Baking soda baths also show promise for a condition called aquagenic pruritus, where contact with water itself triggers intense itching. Observational reports found that adding as little as 25 grams of baking soda to bathwater provided relief for some patients, while others needed 100 to 200 grams. For general itchiness from things like chickenpox, Seattle Children’s Hospital recommends soaking in lukewarm water with about 2 ounces of baking soda.
Antifungal Effects
Lab research shows that baking soda slows the growth of Candida albicans, the fungus behind most yeast infections. At sufficient concentrations, it reduced the fungus’s normal growth rate by about 1.5 times, cut the formation of its invasive thread-like structures by 93%, and halved its ability to form the protective biofilms that make infections stubborn and recurring. The effect is fungistatic, meaning it stops the fungus from growing rather than killing it outright.
This doesn’t mean a baking soda bath will cure a yeast infection on its own, but it may help as a complement to standard treatment. The research also found that baking soda worked synergistically with common antifungal medications, making them more effective together than either alone.
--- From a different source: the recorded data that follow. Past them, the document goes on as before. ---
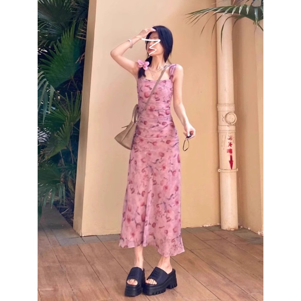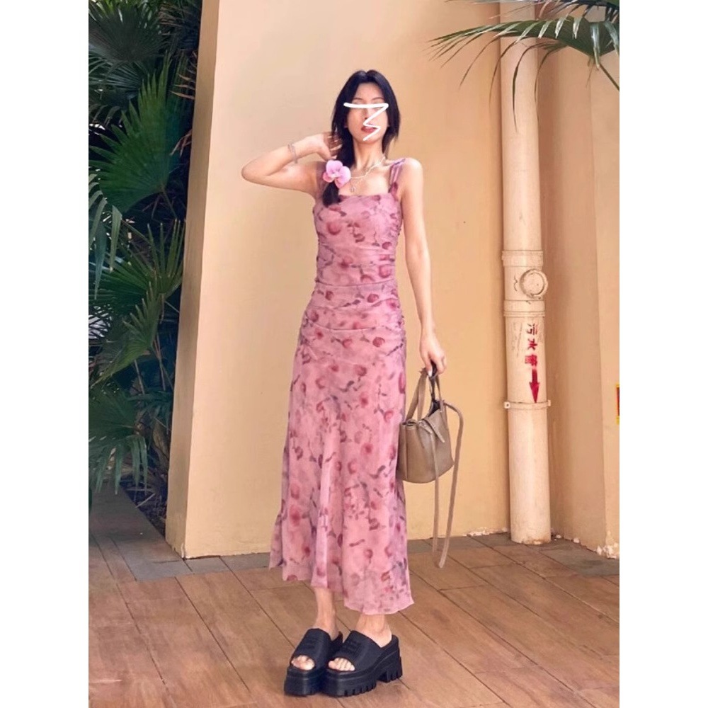 핑크 슬링 꽃 원피스 여자 여름 새로운 올 매치 요정 우아한 슬림 핏 슬리밍 허리 롱 스커트스토어 가기
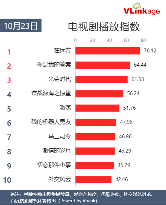 【纬岭榜单】10月23日当日#电视剧播放指数#:1.#在远方#播放指数 76.12 2.#你是我的答案#3.#光荣时代#4.#谍战深海之惊蛰#5.#激荡#6.#我的机器人男友#7.#一马三司令#8.#激情的岁月#9.#初恋那件小事#10.#外交风云#
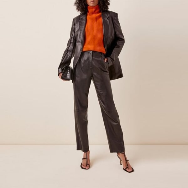 Erleben Sie unvergleichliche Eleganz mit unserem **schwarzen Designer-Lederblazer für Damen**. Gefertigt aus 100 % vollnarbigem Lammleder, bietet diese Jacke ein herrlich weiches Tragegefühl und eine raffinierte Ästhetik. Das sorgfältig geschneiderte Design sorgt für eine schmeichelhafte Passform, die Ihre Silhouette perfekt in Szene setzt und es zu einer unverzichtbaren Ergänzung Ihrer Business- und Freizeitgarderobe macht.
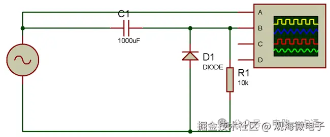 首先将变压器的 12V(交流电源)引脚连接到电容器,然后将二极管的正极端子连接到电容器的另一个端子,将负极端子连接到变压器的 0V 引脚。现在将一个 10K 电阻器并联到二极管。如图所示,将示波器的通道A连接到输入侧,将通道B连接到输出侧。现在你已经准备好了。打开变压器和示波器并将两个通道调整为 0V 线路,您会看到通道 B 向下移动,如下图所示。通道 A 为黄色,通道 B 为蓝色。
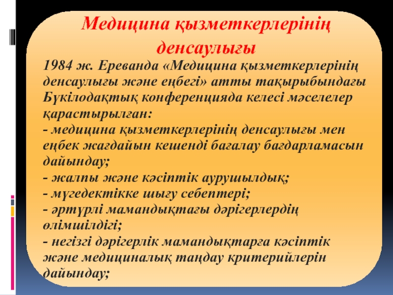 Слайд 6Медицина қызметкерлерінің денсаулығы
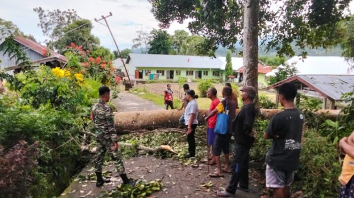 Pratu Oldwin Nabunome Turun Langsung Tangani Laporan Pohon Tumbang di Dusun Bei
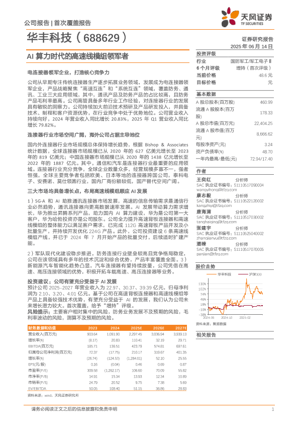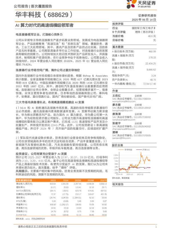 【天风证券】【20250614】深度报告-华丰科技-AI算力时代的高速线模组领军者-22页
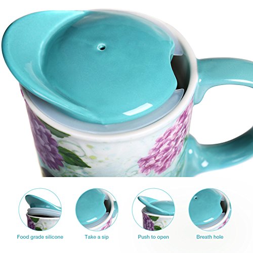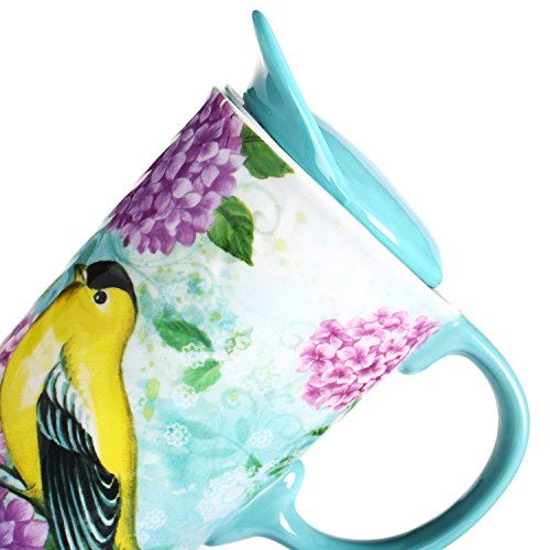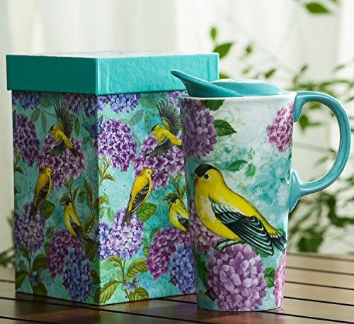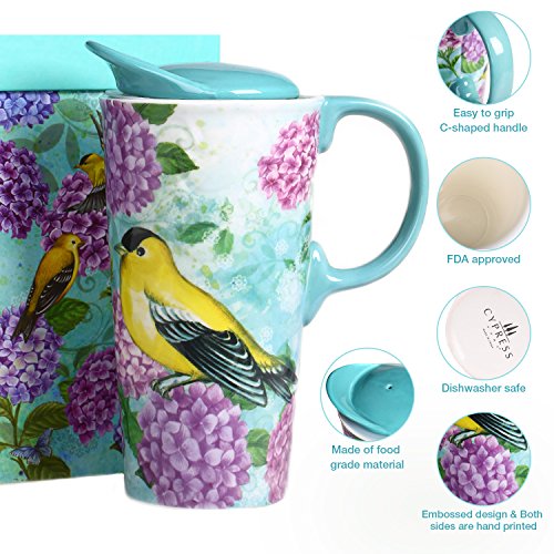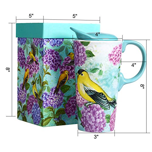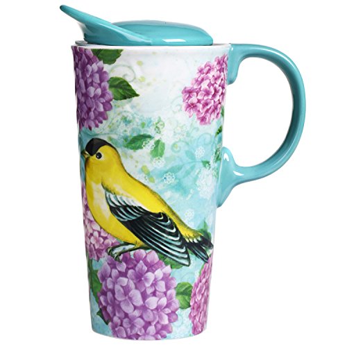 Travel Coffee Ceramic Mug Porcelain Latte Tea Cup With Lid in Gift Box 17oz. Goldfinches by CYPRESS
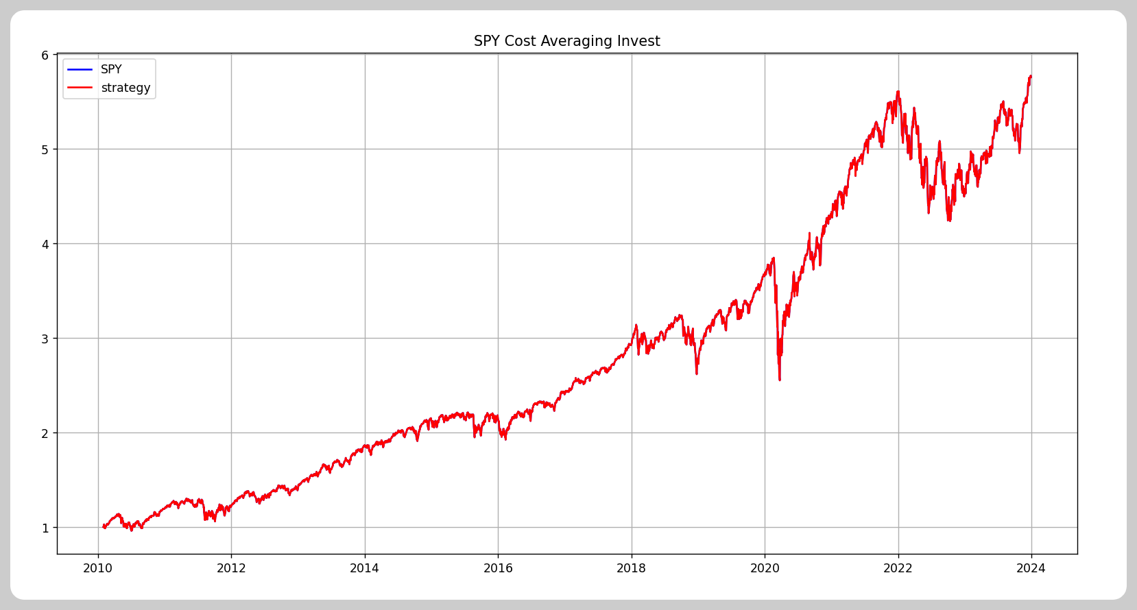 백테스트 결과를 보면 SPY만 적립식으로 사는것이 가장 수익률이 좋습니다.
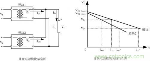 如果兩個(gè)模塊的參數(shù)完全相同時(shí),即:VO1(max)= VO2(max)、R1=R2,則兩條負(fù)載特性曲線重合,能實(shí)現(xiàn)負(fù)載電流均勻分配。但在實(shí)際應(yīng)用中,兩個(gè)具有相同容量的模塊,VO1(max)與VO2(max)、R1與R2的參數(shù)也不可能完全做到相同。從圖 2可以看出,由于輸出到負(fù)載RL的等效阻抗R1、R2很小,輸出電壓即便出現(xiàn)很小的差別也會(huì)引起輸出電流很大的變化。例如:當(dāng)負(fù)載RL電流由IO= IO1+ IO2增大到IO、=IO1、+IO2、時(shí),負(fù)載特性曲線斜率小的模塊1將承受大部分負(fù)載電流,模塊1將運(yùn)行在滿載或過載限流狀態(tài),影響模塊的可靠性。

How to Prepare a Baking Soda Bath
The amount you use depends on the purpose:
- General soothing soak: A quarter cup to 2 cups in a full warm bath
- Eczema relief: A quarter cup in warm (not hot) water
- Psoriasis: About two-thirds to 1 cup per tub, every other day for up to three weeks
- Diaper rash (infants): 2 tablespoons in a warm bath, soaking the affected area for 10 minutes, up to twice daily
- Chickenpox itching (children): About 2 ounces in lukewarm water
Stir the baking soda into the water until it dissolves fully before getting in. Use warm rather than hot water, since hot water strips oils from the skin and can worsen dryness and itching. For most purposes, 10 to 20 minutes of soaking is sufficient. Pat your skin dry afterward rather than rubbing, and follow up with a fragrance-free moisturizer to lock in hydration while your skin is still slightly damp.
Safety and Risks
For most people, a baking soda bath at reasonable concentrations is safe. The risks show up at the extremes: excessive amounts, prolonged use, or application to broken skin.
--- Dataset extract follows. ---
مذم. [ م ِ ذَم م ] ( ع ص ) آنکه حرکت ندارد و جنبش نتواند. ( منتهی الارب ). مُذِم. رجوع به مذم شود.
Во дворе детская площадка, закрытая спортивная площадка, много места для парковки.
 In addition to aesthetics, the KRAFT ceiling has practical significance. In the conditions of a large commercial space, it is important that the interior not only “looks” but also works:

Case reports highlight what can go wrong. A 4-month-old infant who received excessive and prolonged baking soda application for diaper rash developed a dangerous electrolyte imbalance called metabolic alkalosis, where too much of the compound was absorbed through the skin. The condition resolved once the baking soda was stopped. Similar problems were reported in a 69-year-old woman applying it daily to a cancerous breast lesion and a 65-year-old man using it on an open foot ulcer while also taking it by mouth.
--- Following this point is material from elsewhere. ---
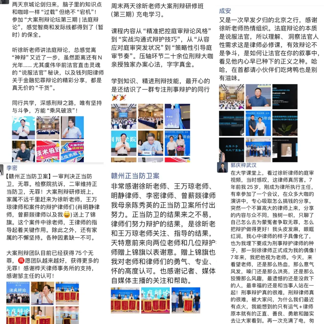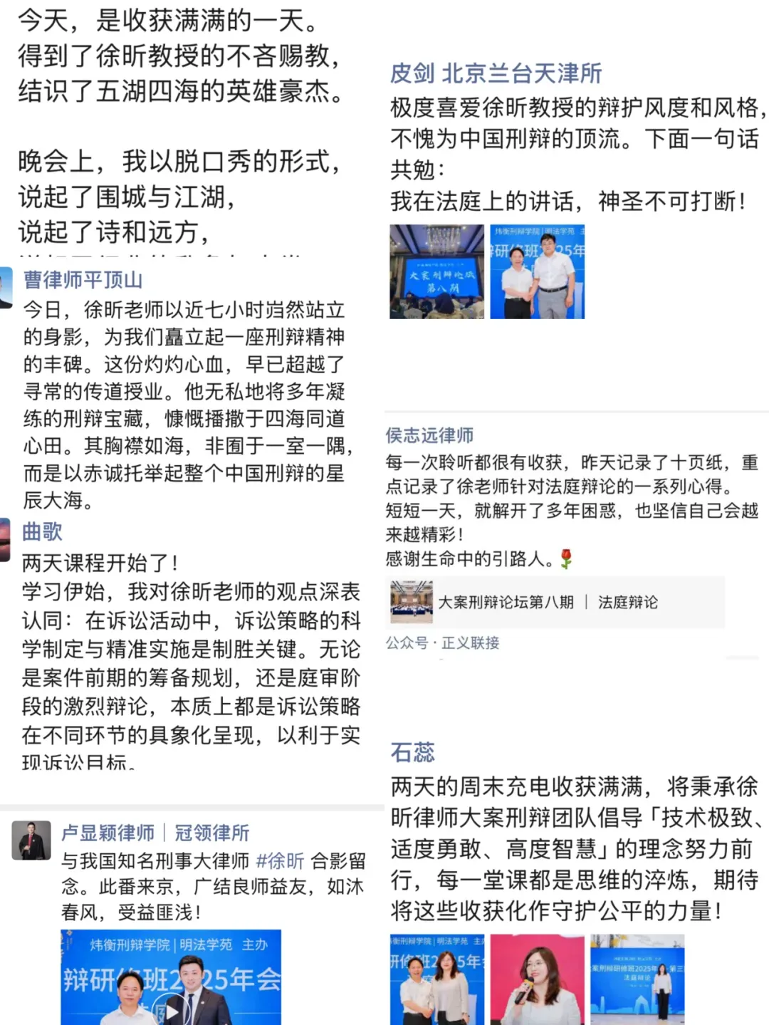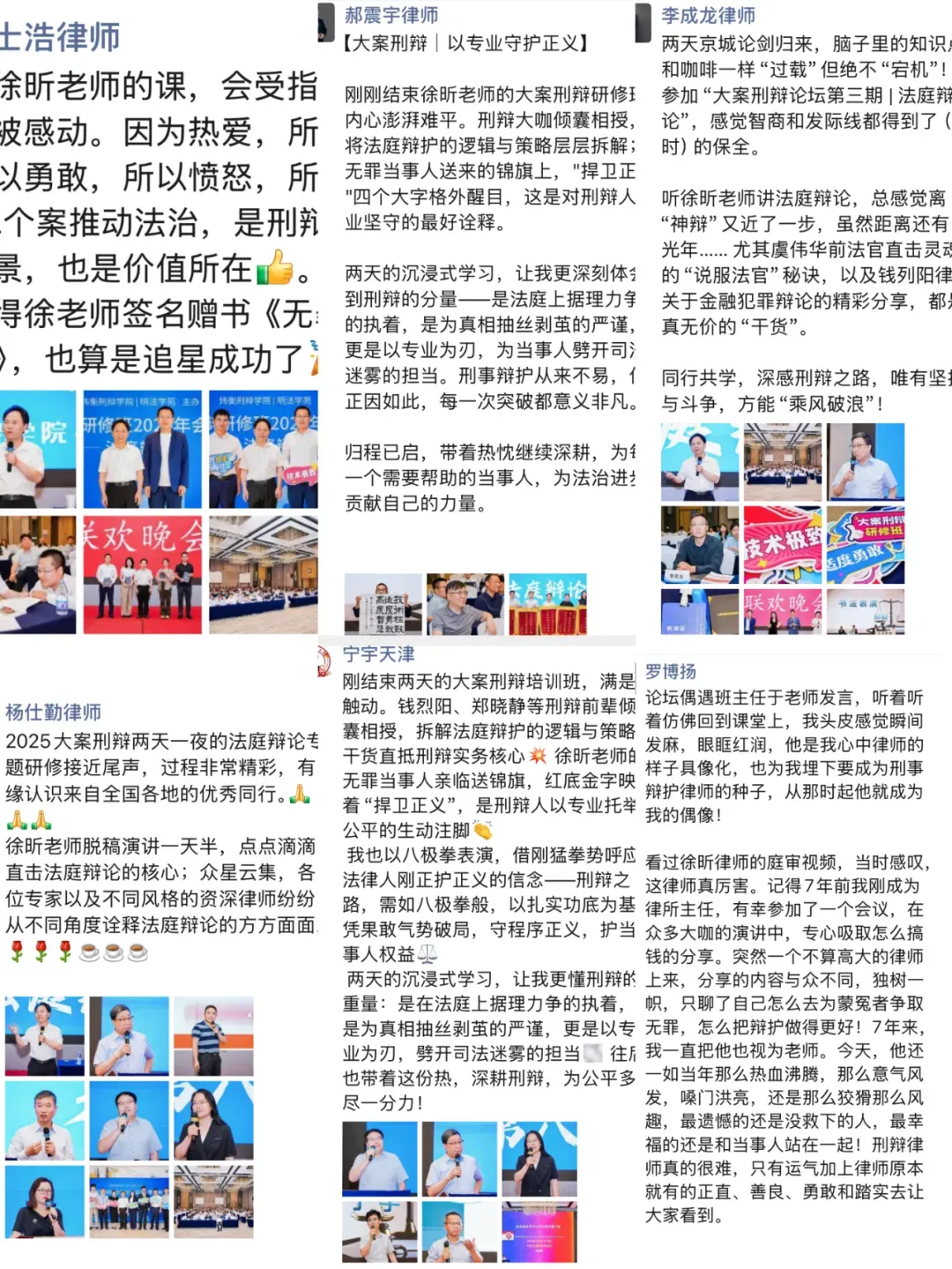 因此徐昕老师开设线下课,并不仅仅为传递技巧,更是为了凝聚更多愿意投身刑事辩护的同行者,为中国刑辩行业培养更多优秀年轻律师,为坚守刑辩初心的同行搭建交流合作的机会。让愿意扎根刑辩、敢于较真碰硬、坚守法治信仰的律师们,碰撞出火花。

The pattern in these cases is the same: large amounts applied to damaged or broken skin over an extended period allowed too much sodium bicarbonate to absorb into the bloodstream. Intact skin is a much better barrier. Stick to the recommended concentrations, limit soaks to a reasonable duration, and avoid using baking soda baths on large open wounds or severely broken skin. For infants, use the lower amounts recommended for children and keep soaks brief.